A series of suicide and bomb attacks ripped through Somalia’s capital city, Mogadishu, Sunday (April 14) striking a court complex and the outskirts of the city’s international airport. As many as 29 people were killed in at least two separate attacks, the British newspaper The Telegraph reported.
According to the BBC, the Islamist militant group, al-Shabab, said it carried out the attacks.
Al-Shabab, which has links to al-Qaeda, has been blamed for a series of attacks in Mogadishu over the last two years. The group has been pushed out of most of the key towns it controlled in the southern part of the country after a stepped-up offensive by African Union peacekeepers allied with troops for Kenya and Ethiopia.
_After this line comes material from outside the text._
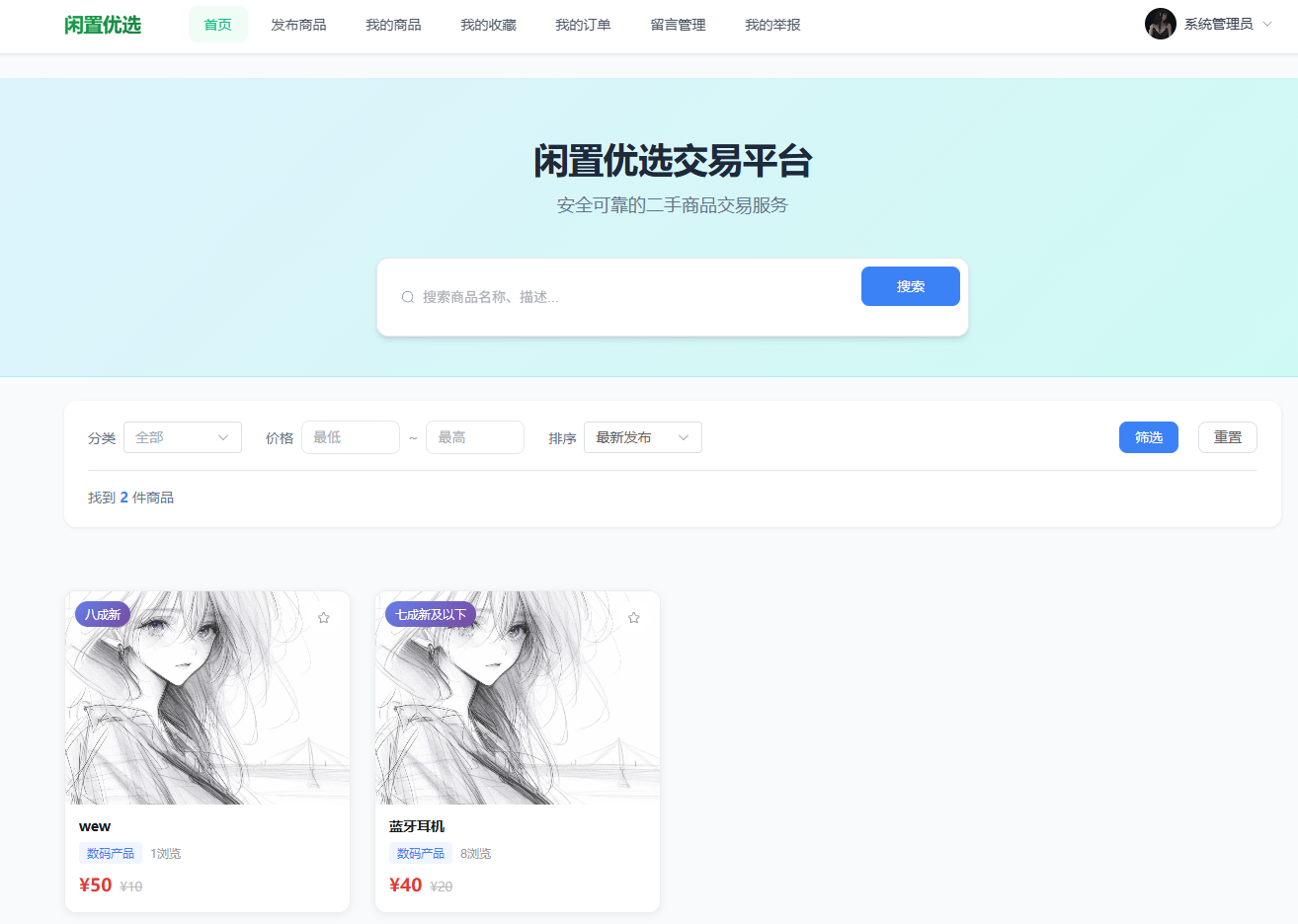 - 二手物品交易平台

Quoting Somalia’s interior minister, the Associated Press reports that nine militants attacked Mogadishu’s Supreme Court complex and that all nine have been killed. Abdikarim Hussein Guled said that six of the attackers detonated suicide vests and three others were shot and killed during the assault, the AP added.
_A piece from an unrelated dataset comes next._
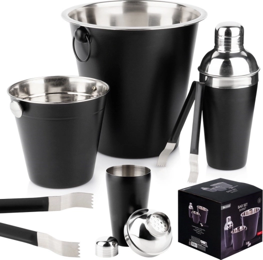 Elegante 4-delige barset van hoogwaardig roestvrij staal in matte zwarte uitvoering voor thuisbar en professioneel gebruik. Bevat een shaker, een groot koelvat voor een fles, een kleiner ijsvat en ijstang. Dankzij het roestvrijstalen ontwerp is hij duurzaam, hygiënisch en gemakkelijk te reinigen, terwijl het zwarte oppervlak uw presentatie stijl en effect geeft.
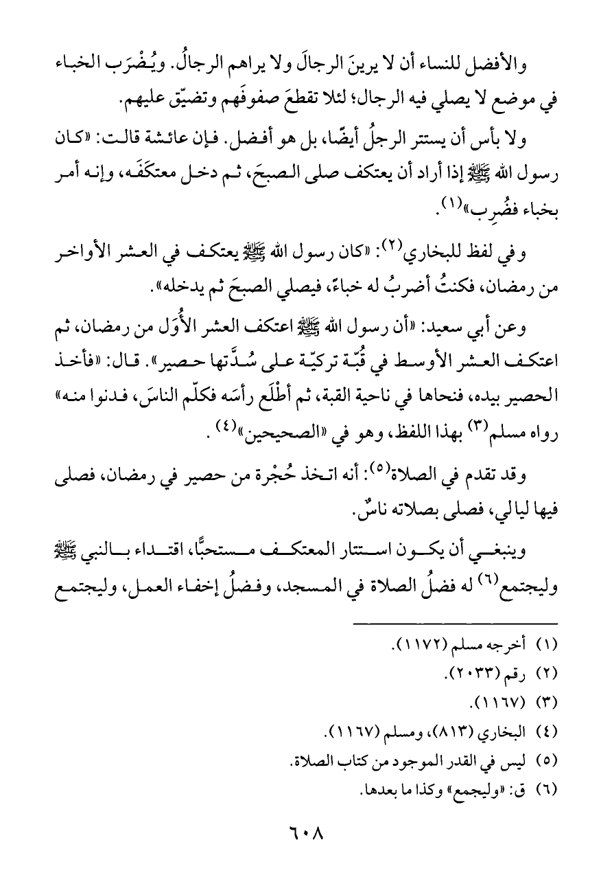 ولا بأس أن يستتر الرجلُ أيضًا، بل هو أفضل. فإن عائشة قالت: «كان رسول الله - صلى الله عليه وسلم - إذا أراد أن يعتكف صلى الصبحَ، ثم دخل معتكَفَه، وإنه أمر بخباء فضُرِب» (¬١).

A car bomb was detonated later, outside a building housing security forces on the road to the airport. The blast went off near a convoy carrying Turkish aide workers, killing two of them, BBC reported.
Ghana Running Dry
Almost 40 percent of Ghana’s population lacks access to tap water, forcing the poor to pay high prices to private suppliers, Bloomberg BusinessWeek reports. The West African nation’s booming economy is also being hurt by water shortages.
According to Bloomberg, water is one of the biggest issues facing Africa’s urban areas, which the United Nations says will see a 66 percent population increase – to 1.2 billion people by 2050.
Tuaregs Scout for French
Here’s a switch: Nomadic Tuaregs who stayed loyal to Mali’s government – during last year’s military coup, the Tuareg rebellion that sparked it and the violent Islamist insurgency that followed it – are now scouting for the French military.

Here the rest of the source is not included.